4 Buy-Rated Dividend Stocks: CXS, BKCC, CMLP, APSA

Editor's Note: TheStreet ratings do not represent the views of TheStreet's staff or its contributors. Ratings are established by computer based on metrics for performance (which includes growth, stock performance, efficiency and valuation) and risk (volatility and solvency). Companies with poor cash flow or high debt levels tend to earn lower ratings in our model.

TheStreet Ratings' stock model projects a stock's total return potential over a 12-month period including both price appreciation and dividends. Our Buy, Hold or Sell ratings designate how we expect these stocks to perform against a general benchmark of the equities market and interest rates.

While plenty of high-yield opportunities exist, investors must always consider the safety of their dividend and the total return potential of their investment. It is not uncommon for a struggling company to suspend high-yielding dividends and subsequently result in precipitous share price declines.

TheStreet Ratings' stock rating model views dividends favorably, but not so much that other factors are disregarded. Our model gauges the relationship between risk and reward in several ways, including: the pricing drawdown as compared to potential profit volatility, i.e. how much one is willing to risk in order to earn profits?; the level of acceptable volatility for highly performing stocks; the current valuation as compared to projected earnings growth; and the financial strength of the underlying company as compared to its stock's valuation as compared to its stock's performance.

These and many more derived observations are then combined, ranked, weighted, and scenario-tested to create a more complete analysis.
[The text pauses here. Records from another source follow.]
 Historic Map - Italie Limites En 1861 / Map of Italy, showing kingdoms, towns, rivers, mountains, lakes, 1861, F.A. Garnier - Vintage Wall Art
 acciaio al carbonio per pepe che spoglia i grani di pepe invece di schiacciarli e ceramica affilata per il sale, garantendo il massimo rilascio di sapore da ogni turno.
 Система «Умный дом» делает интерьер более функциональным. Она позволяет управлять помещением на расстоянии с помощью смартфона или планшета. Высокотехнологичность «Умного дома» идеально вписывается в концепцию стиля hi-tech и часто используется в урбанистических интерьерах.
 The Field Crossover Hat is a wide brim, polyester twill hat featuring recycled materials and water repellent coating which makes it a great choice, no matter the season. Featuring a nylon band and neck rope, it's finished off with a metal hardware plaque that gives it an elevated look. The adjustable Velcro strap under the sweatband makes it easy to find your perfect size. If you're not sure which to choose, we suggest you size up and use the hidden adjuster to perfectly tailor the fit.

The result is a systematic and disciplined method of selecting stocks. As always, stock ratings should not be treated as gospel — rather, use them as a starting point for your own research.
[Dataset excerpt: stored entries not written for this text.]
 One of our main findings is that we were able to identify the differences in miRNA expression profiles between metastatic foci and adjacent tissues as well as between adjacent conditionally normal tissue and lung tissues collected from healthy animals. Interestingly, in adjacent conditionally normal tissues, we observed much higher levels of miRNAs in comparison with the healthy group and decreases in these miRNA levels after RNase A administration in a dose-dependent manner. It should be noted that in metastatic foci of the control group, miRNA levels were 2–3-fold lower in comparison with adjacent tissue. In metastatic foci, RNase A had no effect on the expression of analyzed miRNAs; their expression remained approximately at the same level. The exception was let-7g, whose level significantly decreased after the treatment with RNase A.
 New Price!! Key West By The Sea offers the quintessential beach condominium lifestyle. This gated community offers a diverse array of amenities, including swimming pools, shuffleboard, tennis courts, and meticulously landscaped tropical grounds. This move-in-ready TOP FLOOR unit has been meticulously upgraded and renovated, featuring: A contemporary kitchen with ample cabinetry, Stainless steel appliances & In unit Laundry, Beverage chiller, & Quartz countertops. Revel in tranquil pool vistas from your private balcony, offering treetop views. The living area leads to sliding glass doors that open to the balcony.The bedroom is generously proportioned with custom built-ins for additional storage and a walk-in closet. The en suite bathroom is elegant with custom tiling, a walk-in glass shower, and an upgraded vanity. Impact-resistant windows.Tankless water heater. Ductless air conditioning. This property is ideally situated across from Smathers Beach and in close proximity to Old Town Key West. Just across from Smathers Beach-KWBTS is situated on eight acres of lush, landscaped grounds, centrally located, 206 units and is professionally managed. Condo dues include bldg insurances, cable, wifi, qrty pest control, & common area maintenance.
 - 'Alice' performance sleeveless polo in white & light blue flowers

The following pages contain our analysis of 4 stocks with substantial yields, that ultimately, we have rated "Buy."

CreXus Investment

Dividend Yield: 7.70%

CreXus Investment (NYSE: CXS) shares currently have a dividend yield of 7.70%.

CreXus Investment Corp., together with its subsidiaries, operates as a commercial real estate company. The company has a P/E ratio of 15.71.

The average volume for CreXus Investment has been 620,500 shares per day over the past 30 days. CreXus Investment has a market cap of $999.3 million and is part of the real estate industry. Shares are up 6.4% year to date as of the close of trading on Wednesday.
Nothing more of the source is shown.